▶ _Try it_
Reproduce the material below only from the line with "5、提供方便快捷的大限和流年切换功能,大幅提升初学者的使用体验。" to the line with "Bob Woodward writes", both included, keeping each line exact and dropping the pictures.

▶ _Dataset section_
◆ ◆ ◆ ◆ ◆ ◆ ◆
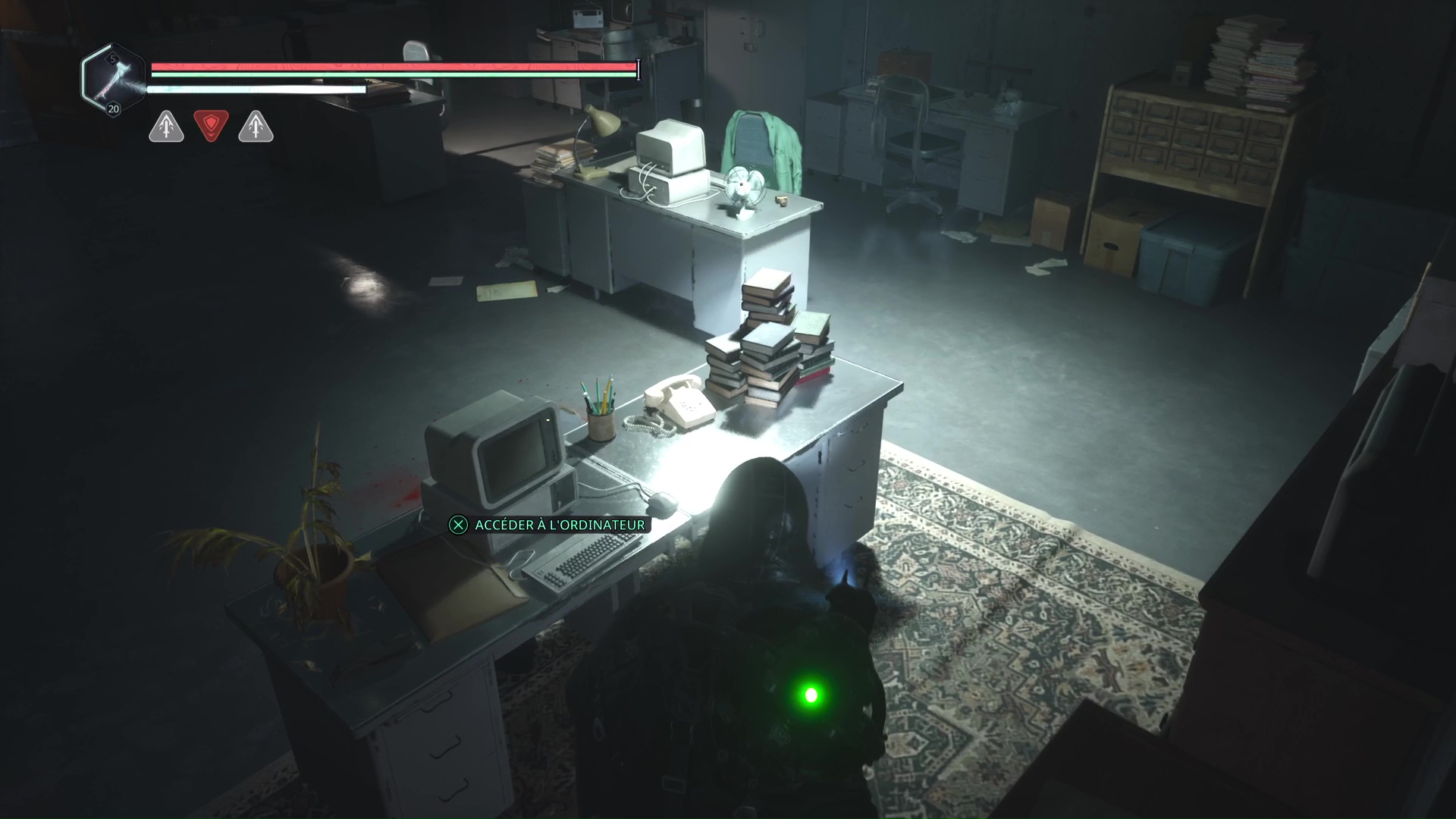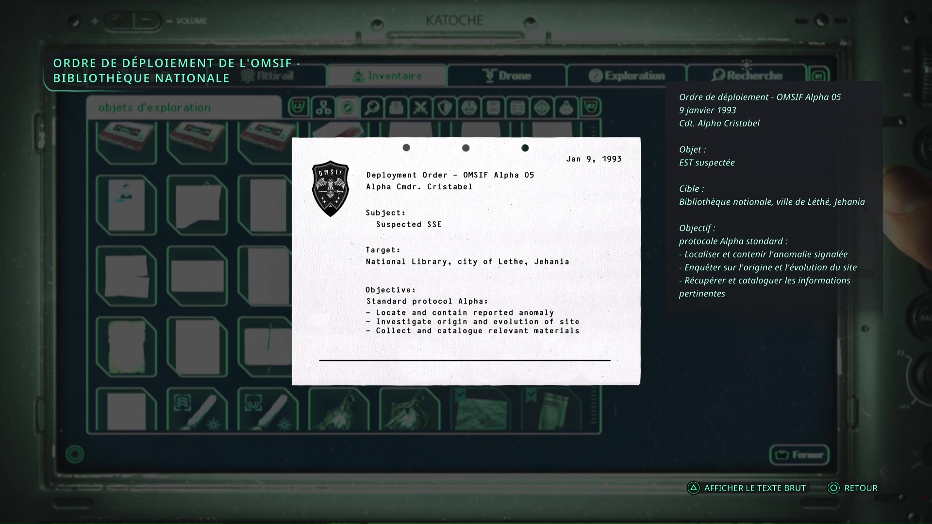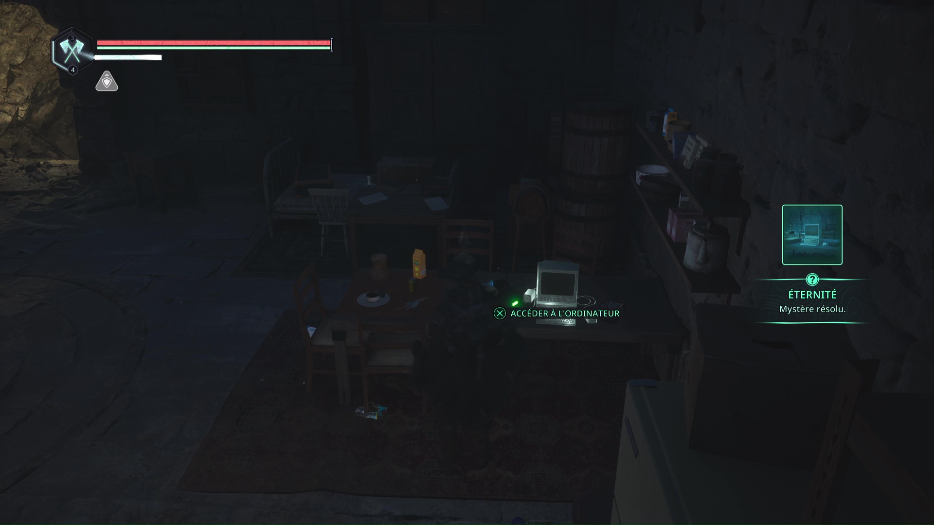 Bien caché derrière les cartons se trouve l’ordinateur mentionné par la note. Ensuite, il faut reprendre les informations de la Note – Doutes et regarder les numéros des ordres de déploiement de l’OMSIF de la Bibliothèque nationale de Léthé, de la Forêt de Senedra et des Marais d’Acasa, dans cet ordre.
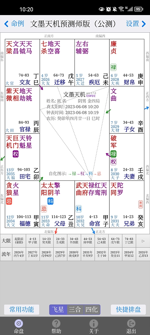 5、提供方便快捷的大限和流年切换功能,大幅提升初学者的使用体验。
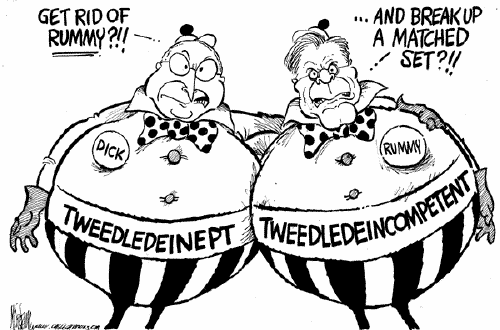 Bob Woodward writes in his new book State of Denial that Don Rumsfeld wouldn't return Condi Rice's calls. He's no fool. Don Rumsfeld didn't make it to the top of three administrations by getting too close to the sheriff's gal. - Argus Hamilton, comedian
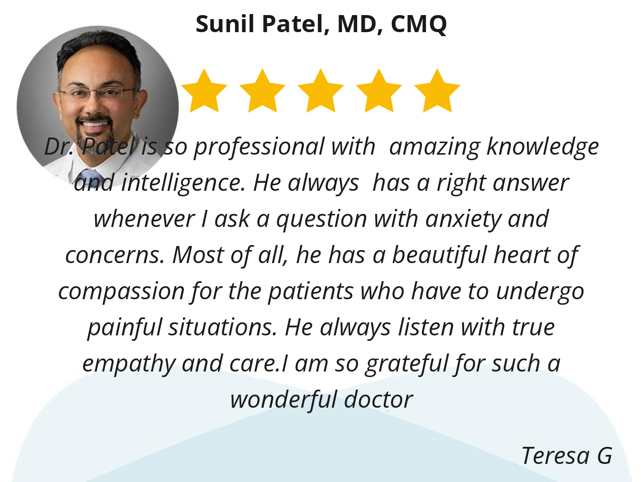 Dr. Patel is so professional with amazing knowledge and intelligence. He always has a right answer whenever I ask a question with anxiety and concerns. Most of all, he has a beautiful heart of compassion for the patients who have to undergo painful situations. He always listen with true empathy and care.I am so grateful for such a wonderful doctor
◆ ◆ ◆ ◆ ◆ ◆ ◆
▶ _Task solution_
 5、提供方便快捷的大限和流年切换功能,大幅提升初学者的使用体验。
 Bob Woodward writes in his new book State of Denial that Don Rumsfeld wouldn't return Condi Rice's calls. He's no fool. Don Rumsfeld didn't make it to the top of three administrations by getting too close to the sheriff's gal. - Argus Hamilton, comedian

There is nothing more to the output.